Regulation No. 77 of 2016 governing non-Jordanian Investment (the Regulation) has been published in the Official Gazette on 16/6/2016.

The Regulation offers significant changes as compared with the old regulation, which we have examined in more detail below.

Changes to participation restrictions in particular sectors

Article 3 provides that a non-Jordanian investor may wholly own or partake at any percentage in any project relating to any economic activity provided that such activities do not contravene national security, public order and morals, and public health, excluding those economic activities which are set forth in Article (4), (5), and (6) of the Regulation, unless any other legislation places a restriction on such ownership or participation.

Several sectors have had an increase in the restriction of percentage of participation by reducing the allowed participation of non-Jordanian investors from 50% to 49%, including such activities relating to the maintenance of road transport means and the maintenance of radio and television broadcasting equipment.

Other activities which previously prohibited full ownership by a non-Jordanian investor have now been removed from the Regulation, such as those relating to railway services, rendering it now permissible for a non-Jordanian investor to wholly own companies providing such services.

The Regulation also added certain activities which are completely restricted from any whole or partial ownership by non-Jordanian investors, including activities relating to security services.

Ability to register a Jordanian company with complete or partial ownership

In light of the aforementioned Article 7, the company which is registered by virtue of this Article 7 shall notify the Companies Controller within 30 days of any change or amendment which occurs to its records, including the closing of the company, the lapse thereof, its liquidation or ceasing of activities. Such company shall also provide the Companies Controller annually with a duly certified certificate issued by the competent authorities in its country of nationality which proves the continued ownership of shares by Jordanians at the required percentage. In the event that the percentage of ownership should at any time fall below the required percentage, the company shall have six months to rectify its position (such period may be renewed for a similar period by way of a request which sets out the reasons therefor which shall be submitted to the Companies Controller at least 30 days prior to the end of the period provided for rectifying its position).

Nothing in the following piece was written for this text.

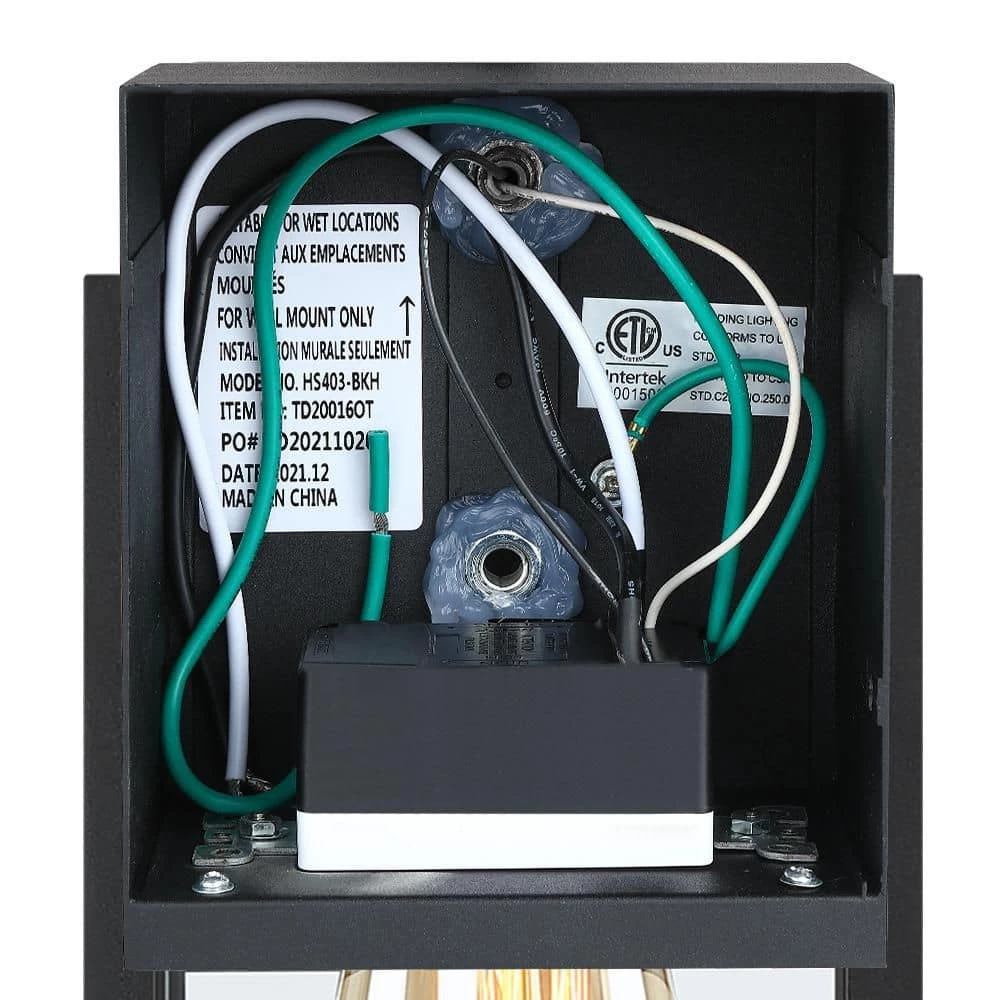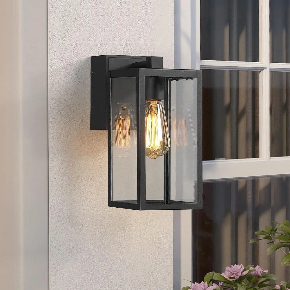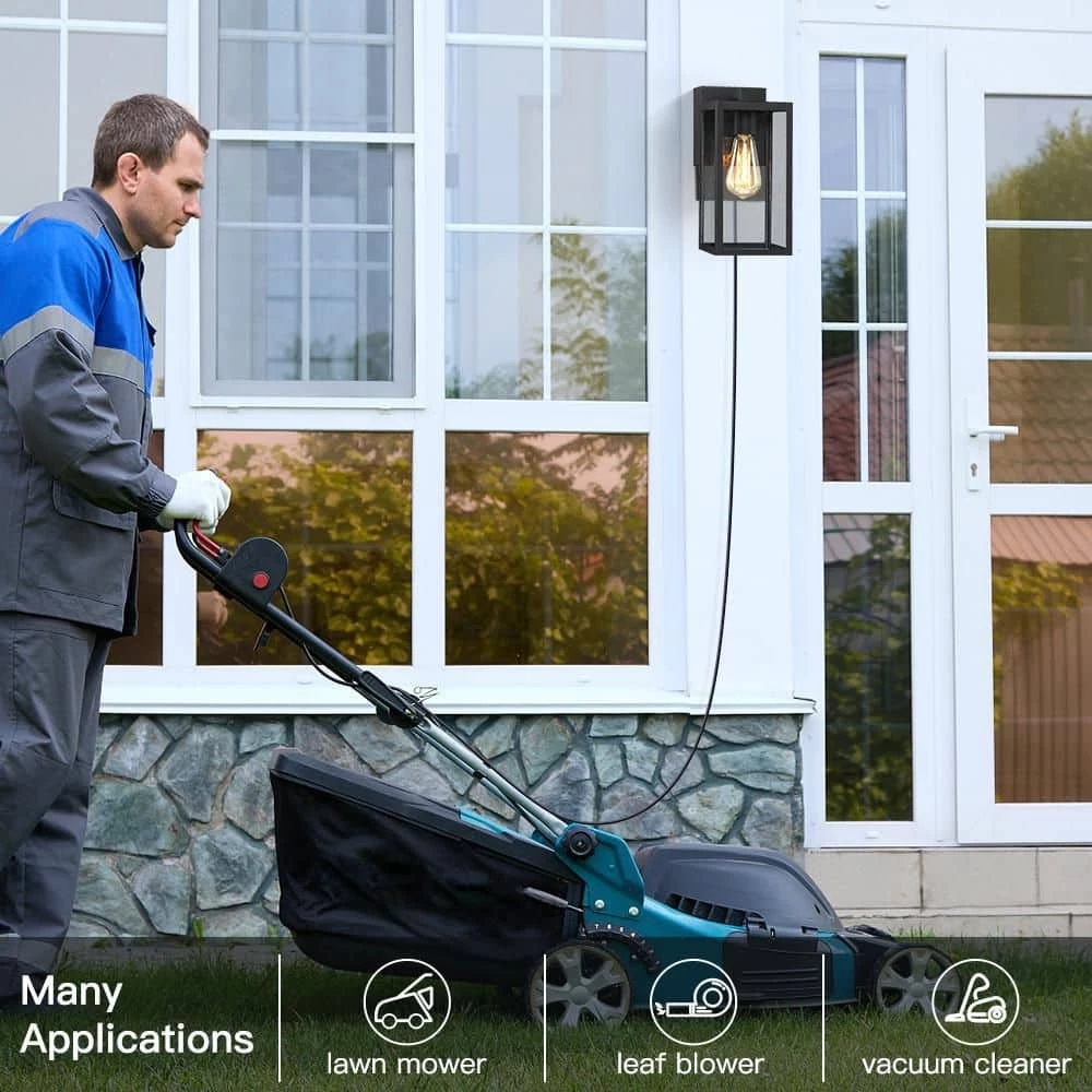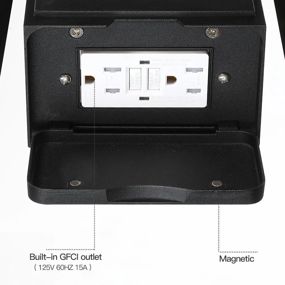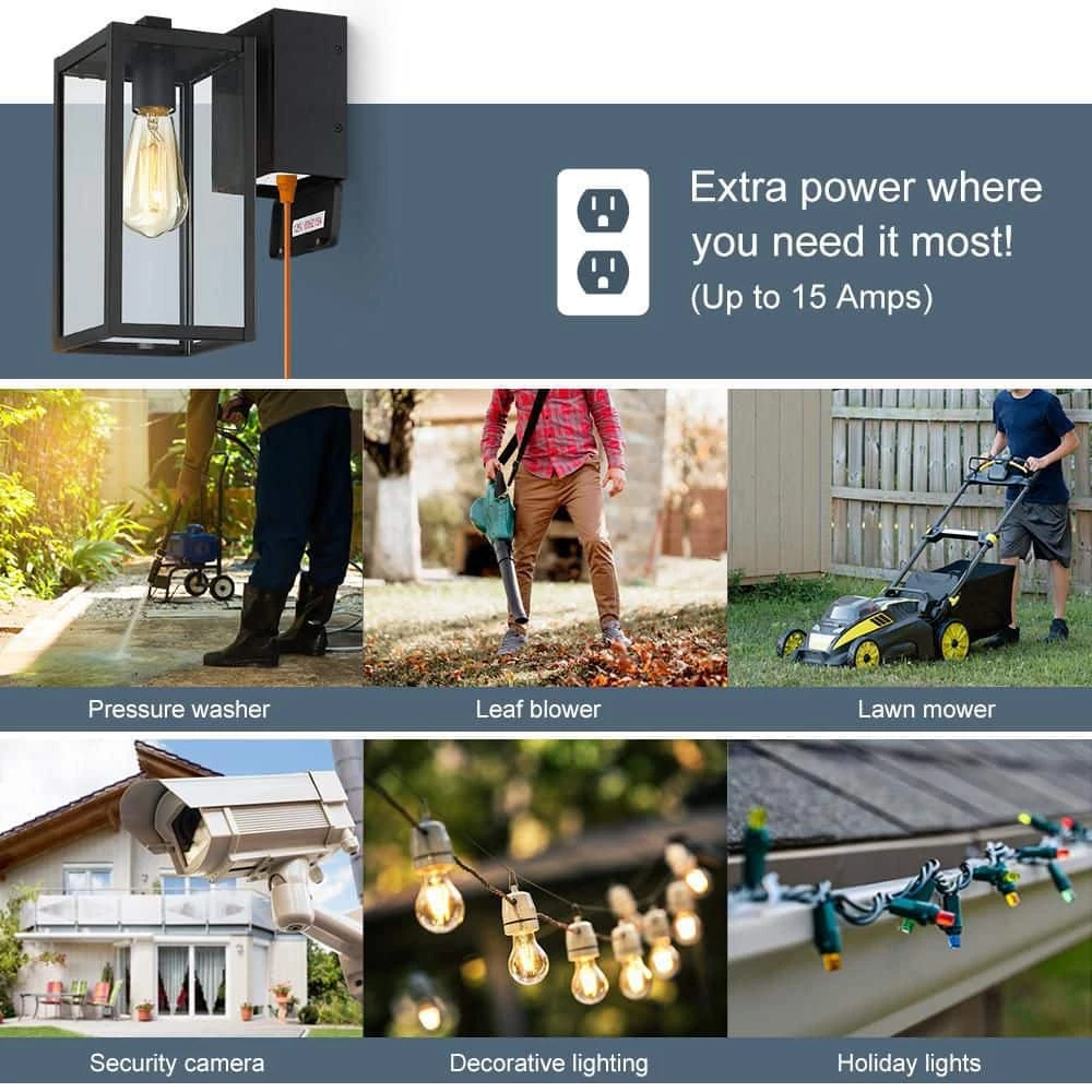 Beauty yet Functional. Traditional essence is revived in our transitional outdoor wall lantern lighting fixture which is in powder coated black finish with clear glass panels. The great feature of this outdoor wall light is concealed built-in GFCI outlets, which is UL and CUL Listed, Tamper Resistant, WR(weather resistant). It comes with 2 receptacles for easy outdoor power supply with added protection from surges, short circuits and other electrical faults, (maximum power 15 Amp and maximum load 1650-Watt), adds convenience to many outdoor applications, can be used to lawn mower, security camera, power speakers, holiday string lights and more. Simply turn on the light and plug-in your holiday decor, power tools and etc. Ideal for Front Porch, Patio, Garage, Deck, Balcony etc.

Removal of requirement for minimum share capital contribution

Additionally, the new Regulation has removed the requirement for a minimum share capital contribution of JOD 50,000 for non-Jordanian investors. (Please note that in the event a non-Jordanian investor wishes to wholly own a particular type of company, the contribution of such investor may not fall below the capital amount set out on the basis of the type of company or the objectives thereof pursuant to the Companies Law and relevant Jordanian legislations. For example, for Private Shareholding Companies, the capital may not fall below JOD 50,000).

The content of this article is intended to provide a general guide to the subject matter. Specialist advice should be sought about your specific circumstances.